Perkumpulan Pengusaha Malioboro Ahmad Yani Tolak Wacana Malioboro Bebas Kendaraan Bermotor
Perkumpulan Pengusaha Malioboro Ahmad Yani (PPMAY) menolak rencana Pemda DIY yang akan memberlakukan kawasan Malioboro bebas dari kendaraan bermotor.
Editor: Dewi Agustina
TRIBUNNEWS.COM, YOGYA - Sejumlah pengusaha yang tergabung dalam Perkumpulan Pengusaha Malioboro Ahmad Yani (PPMAY) menolak rencana Pemda DIY yang akan memberlakukan kawasan Malioboro bebas dari kendaraan bermotor.
Mereka menganggap, jika kebijakan tersebut terealisasi akan berdampak pada menurunnya wisatawan yang akan berkunjung ke lokasi tersebut hingga omzet yang bakal tergerus.
Ketua Umum PPMAY, Sadana Mulyono mengatakan, pemerintah mestinya memikirkan lokasi parkir yang memadai jika akan menerapkan konsep tersebut.
Selain itu, jarak lokasi parkir yang terdapat saat ini yakni Abubakar Ali masih dirasa terlalu jauh bagi para pejalan kaki.
"Apa mau pengunjung nanti berjalan kaki untuk belanja di sepanjang Malioboro. Intinya rencana itu membuat kami resah, tentunya penghasilan akan menurun drastis. Bisa jadi hingga separuhnya," kata dia kepada wartawan, Sabtu (1/6/2019).
Sadana mengemukakan, pengunjung nantinya diprediksi akan berbelanja ke luar Malioboro jika kebijakan tersebut terwujud.
Pasalnya, jika pengunjung berkeinginan untuk membeli batik atau cinderamata dan diharuskan berjalan kaki, tentu pilihan yang memungkinkan mereka akan memilih tempat berbelanja lain.

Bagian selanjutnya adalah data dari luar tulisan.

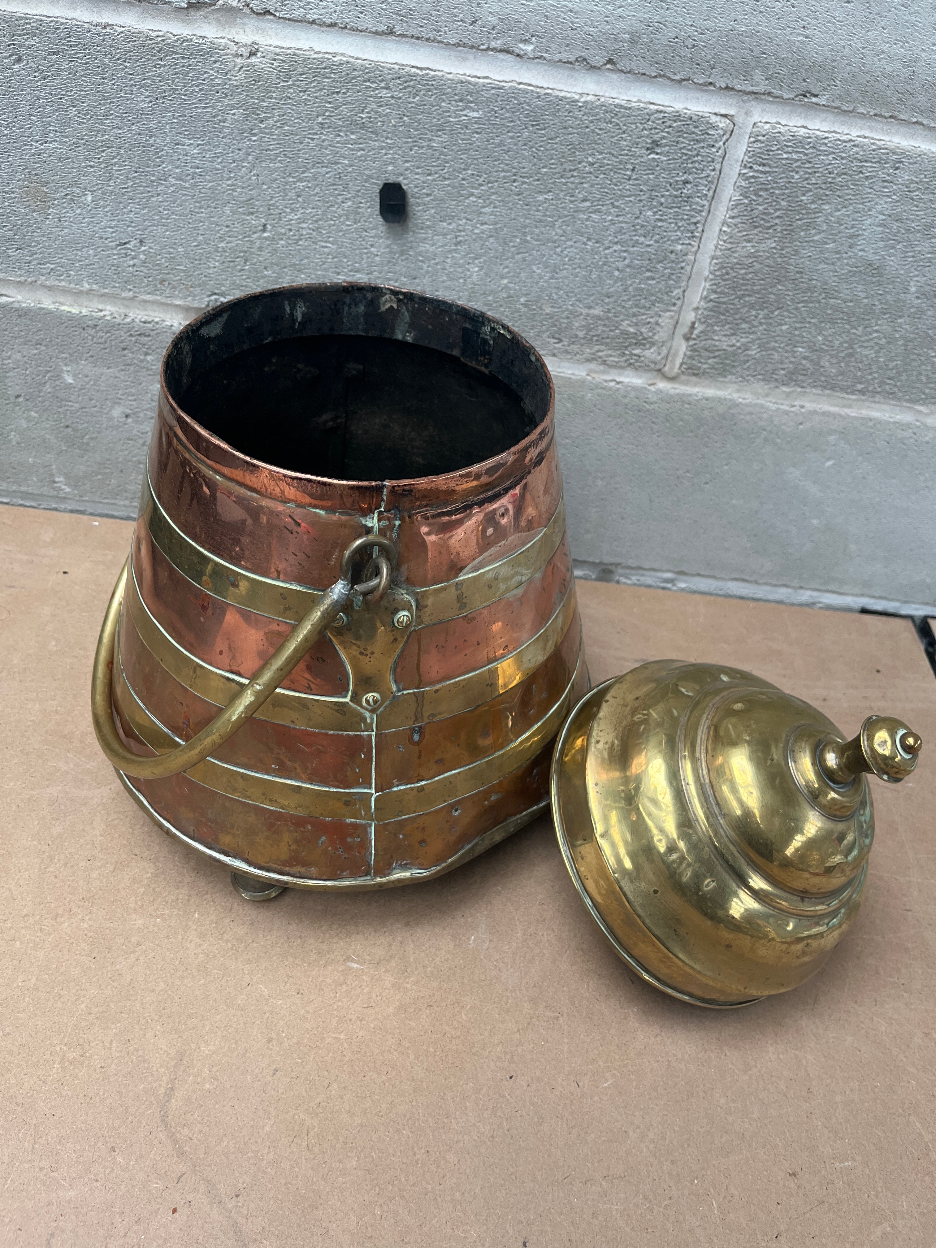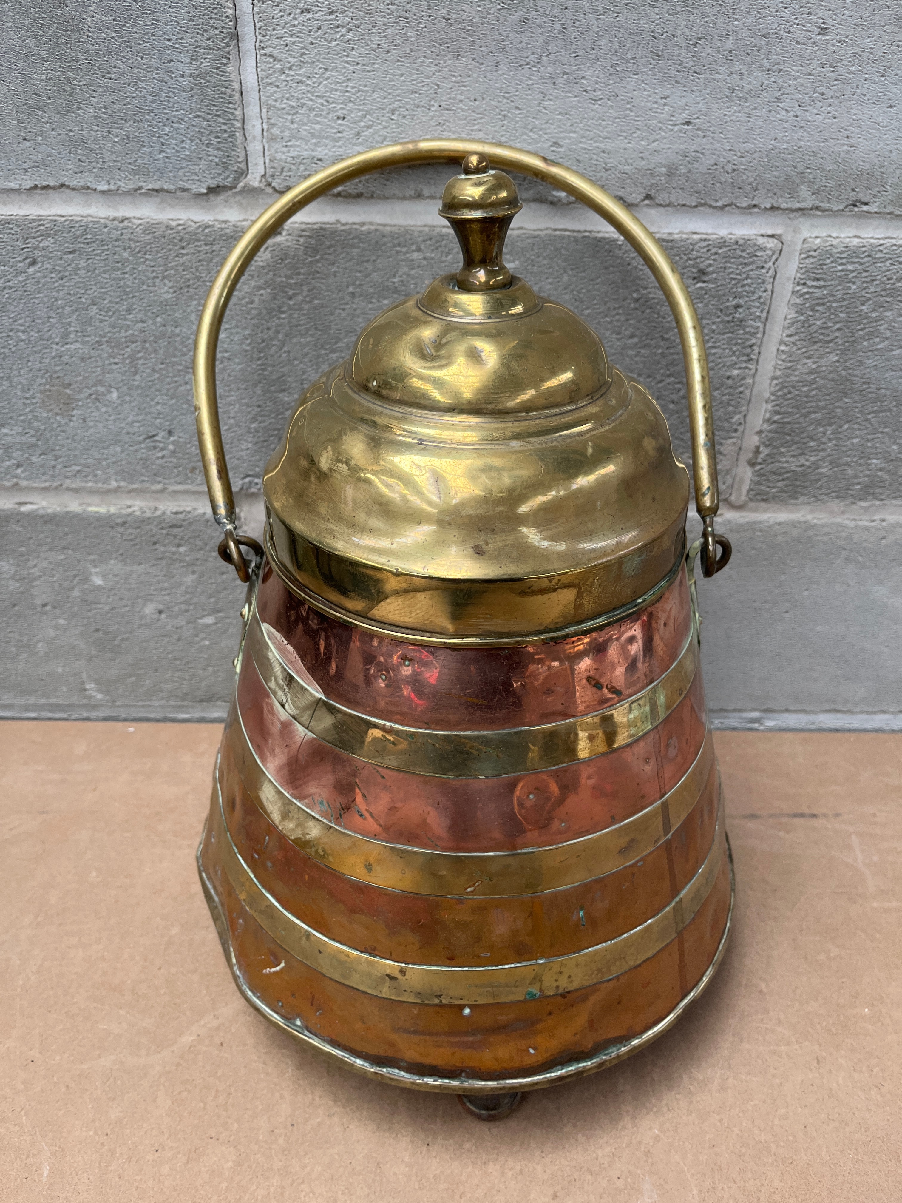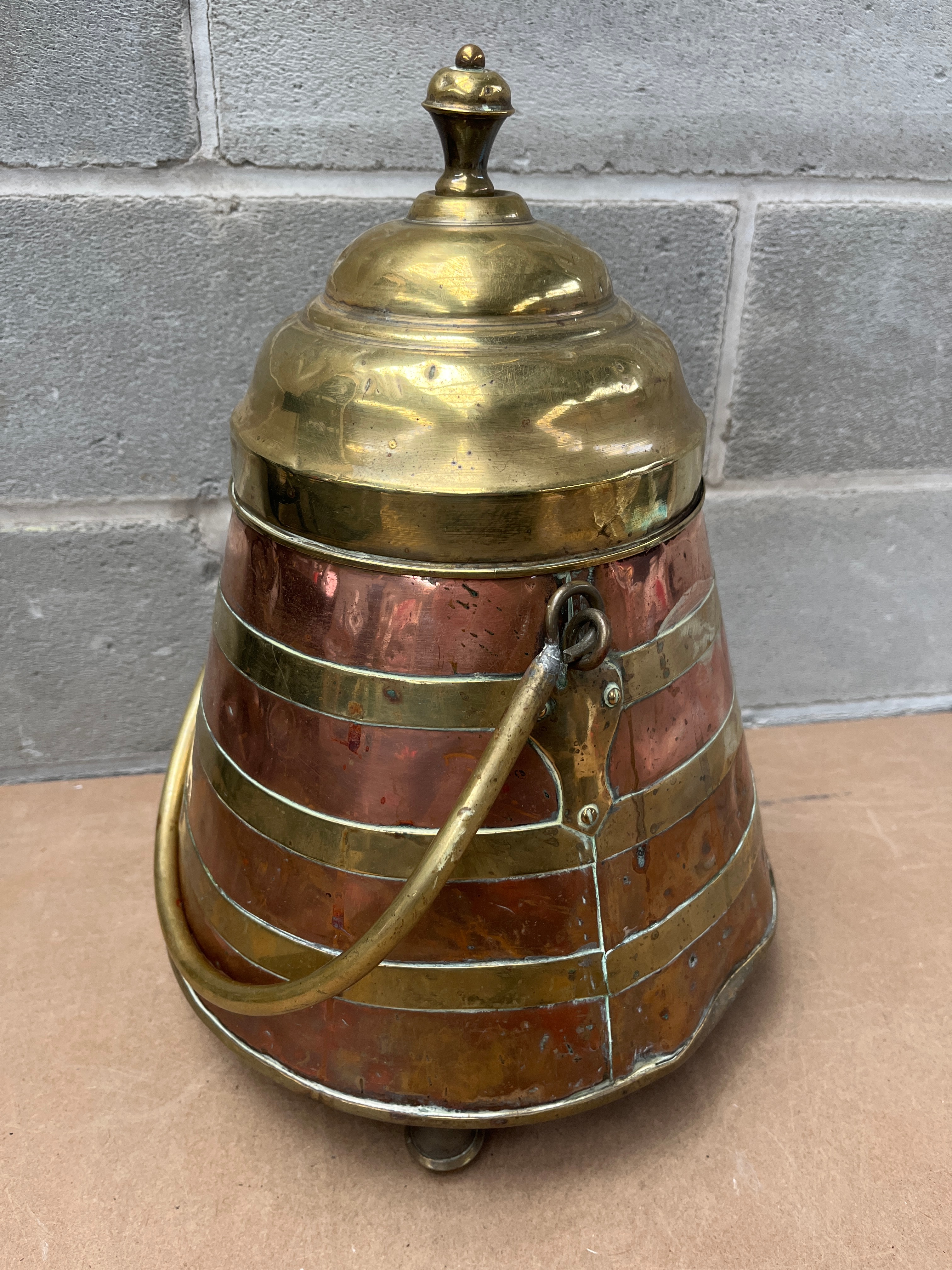 An antique 19th Century Dutch doofpot, constructed from alternating horizontal bands of copper and brass, secured with rivets. It features a domed brass lid with a turned finial, a brass swing handle, and stands on three small brass feet. The interior appears dark and oxidized.

"Belum lagi para pengusaha yang tinggal di tokonya, itu aksesnya bagaimana. Kalau yang masih muda mungkin masih bisa, kalau yang sudah lanjut usia apakah juga disuruh jalan," imbuhnya.
Ketua I PPMAY, Sodikin menyebut, permasalahan yang menyangkut para pengusaha di sekitar kawasan Malioboro dan A Yani sebetulnya sudah dirasakan sejak lama.
Pihaknya juga telah berkomunikasi dengan pemerintah serta instansi terkait, namun hingga kini belum kunjung terselesaikan.
"Pedestarian ini sebenarnya hanya satu dari sekian banyak persoalan yang kami hadapi dan sampai hari ini belum ada penyelesaian," ujarnya.
Dia juga mengklaim, keberadaan para pedagang kaki lima (PKL) sudah semakin banyak hingga menggerus keberadaan para pengusaha.
"Antara jumlah PKL dan pengusaha sudah sangat tidak proporsional. Dari dua paguyuban saja anggotanya 1284. Itu versi mereka, belum lagi yang jualan makanan, padahal toko kita hanya 200," jelasnya.
"Kami pun kadang-kadang mau masuk toko sendiri bingung. Malah kemarin ketika mau masang jalan biar ada orang jalan ke toko malah bersitegang dengan mereka, malah mereka yang menentukan padahal statusnya mereka yang menempati lahan kami," sambung Sodikin.